Nowhere is this impulse more eloquently displayed than in the final chapter, where Appiah argues for a ''rooted cosmopolitanism.'' The term seems oxymoronic: to have roots is to be embedded in a specific history, nation or people; to be a cosmopolitan is to declare oneself a citizen of the world. For Appiah, however, these two are inseparable. Local histories, he reminds us, have themselves been shaped by the movements of peoples and their communal practices (let's not call them cultures) as old as human history itself. And -- the point has special salience after 9/11 -- one can pledge allegiance to one's country and still conceive of oneself in terms of global identities or universal values.

Appiah repeatedly invokes the example of his father, Joe Appiah, a Ghanaian and African nationalist who believed with equal fervor in internationalism. Kwame Anthony Appiah not only allows for but celebrates the contentiousness of the conversations that are to take place in a world where multiple affiliations are increasingly becoming the norm.
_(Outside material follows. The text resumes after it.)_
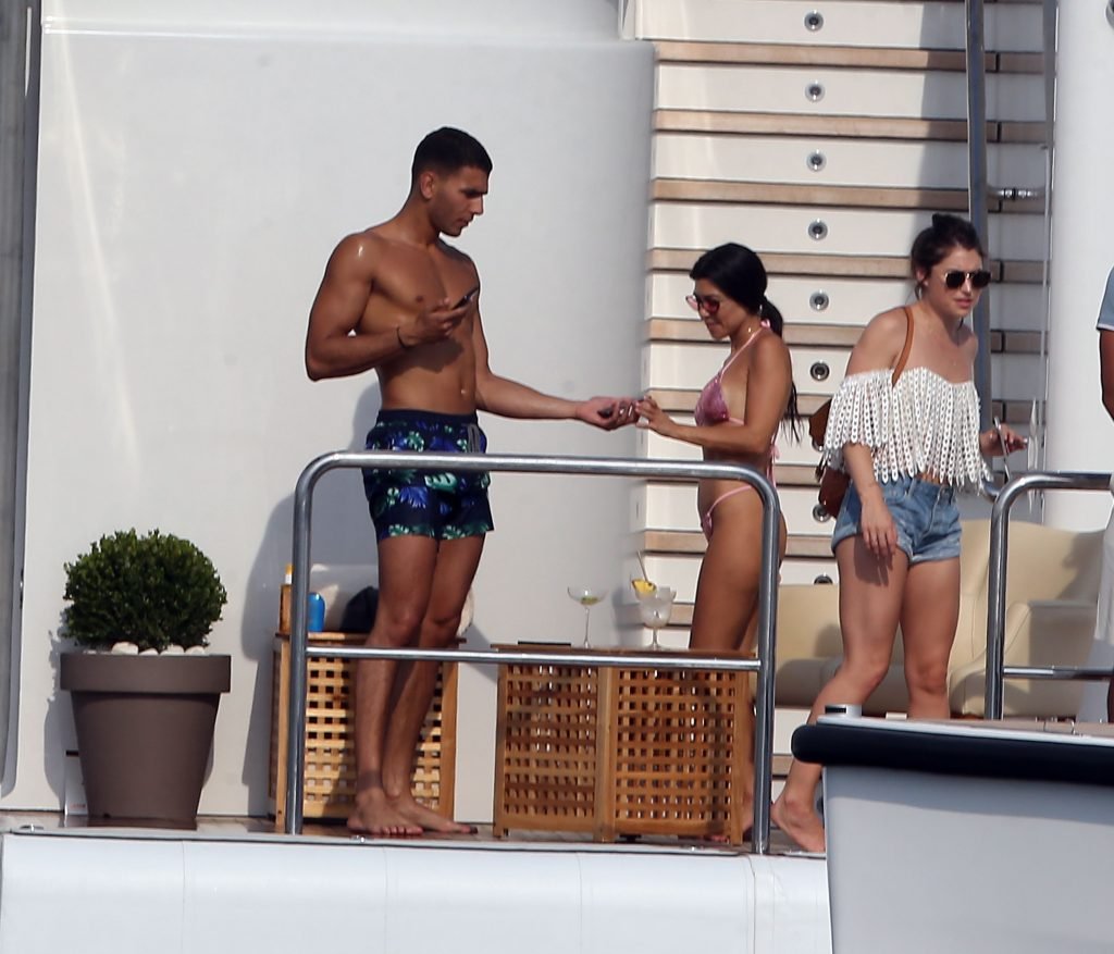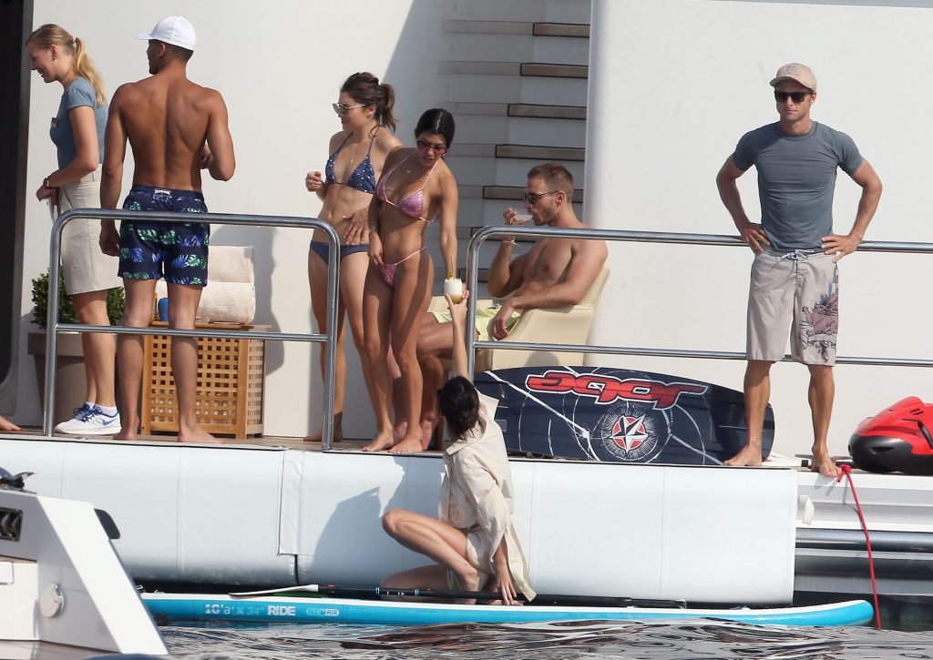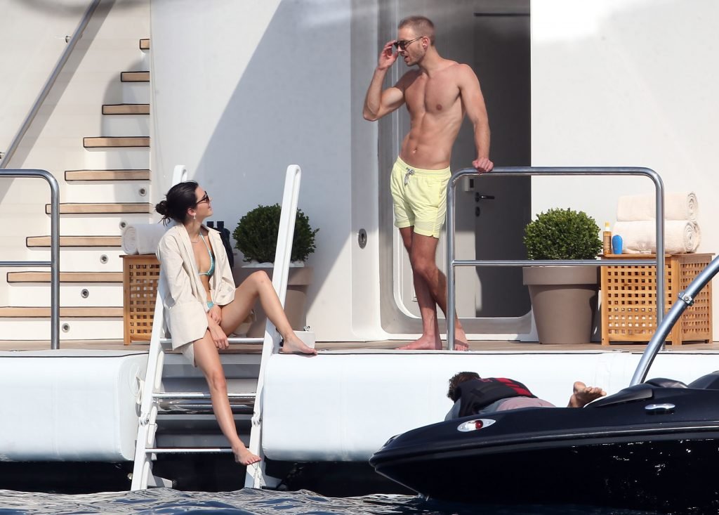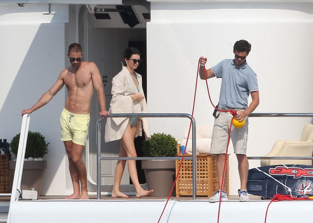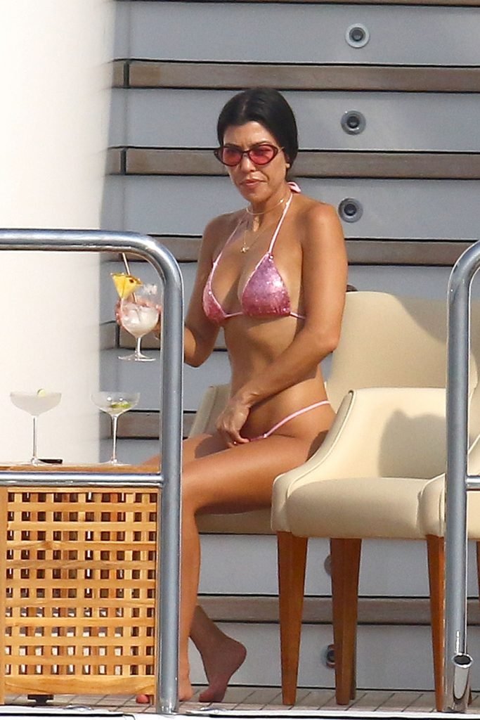 Kourtney Kardashian e Kendall Jenner trascorrono un bel momento su uno yacht ad Antibes durante il festival del cinema di Cannes, 25/05/2017. Kourtney Kardashian è una star americana dello show ‘Keeping Up with the Kardashians’, socialite, modella. Età: 38 anni.
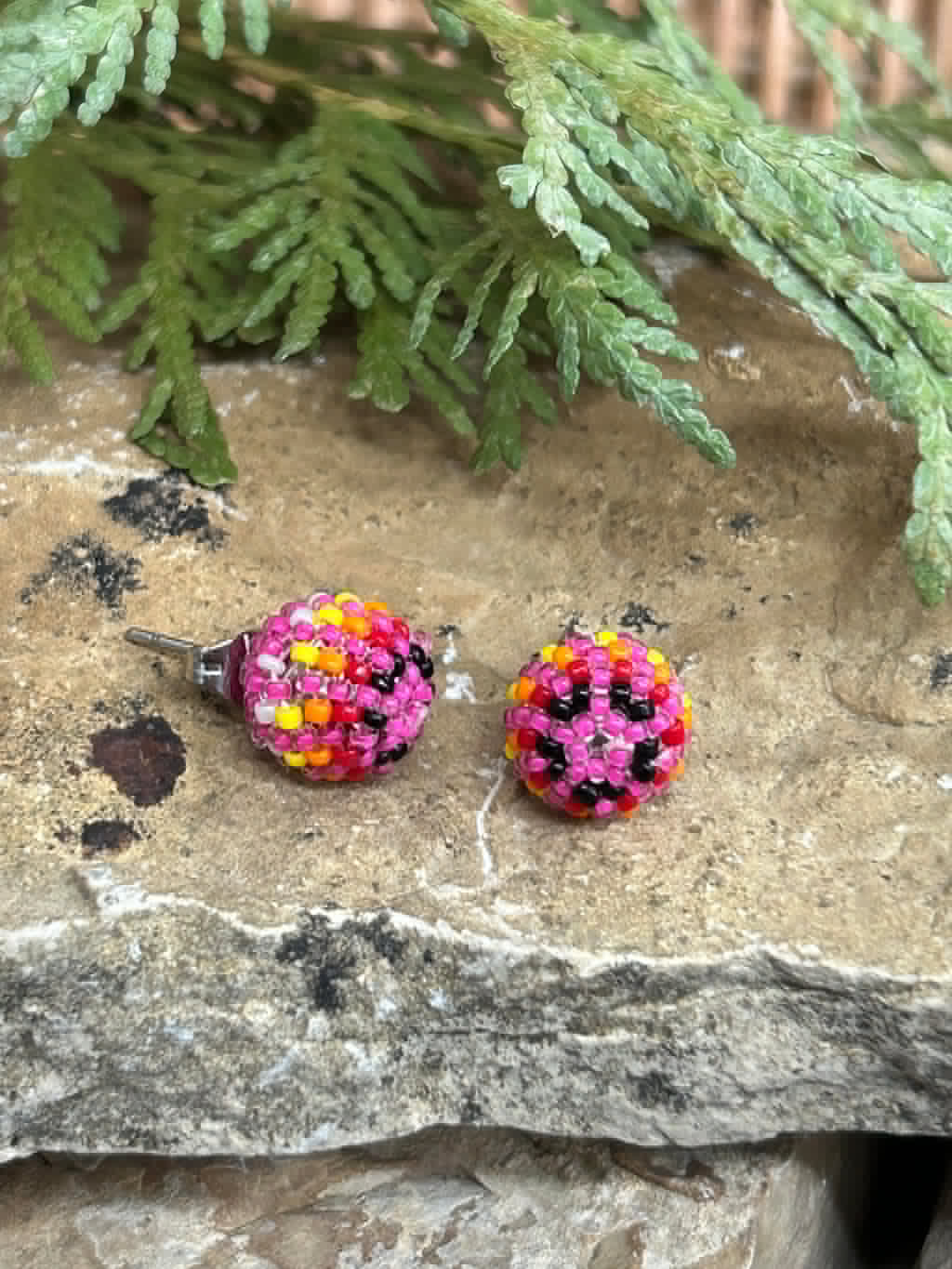 Round Beaded Stud Earrings

the superb rhetorical performance of this book offers the most persuasive evidence for his case. Indeed, his extraordinary scope of reference -- ranging from the proceedings of the Pueblo tribal council to Tolstoy's ''Anna Karenina'' to the experience of Appiah's multicontinental family -- not only exemplifies rooted cosmopolitanism, it performs it. To read ''The Ethics of Identity'' is to enter into the world it describes; it is also to imagine what it might be like to live in so urbane and expansive a place."

Appiah struggles with this as do we all, balancing, sorting and negotiating our way through the often conflicting thicket of individual rights and group rights; majority rules and minority rights; multiculturalism, pluralism, nationalism and universalism; tolerance of and betwtween ethnic identities.

How do I claim to be a humanist and cosmopolitan, and support the of Israel to exist as democratic Jewish state (albeit one closer to the 1967 borders, real two-state solution, no occupation and settlements...)?

How do we show tolerance for religious fundementalists at home and abroad, and uphold human rights, including equal rights regardless of nonbelief, sex, gender, orientation, etc.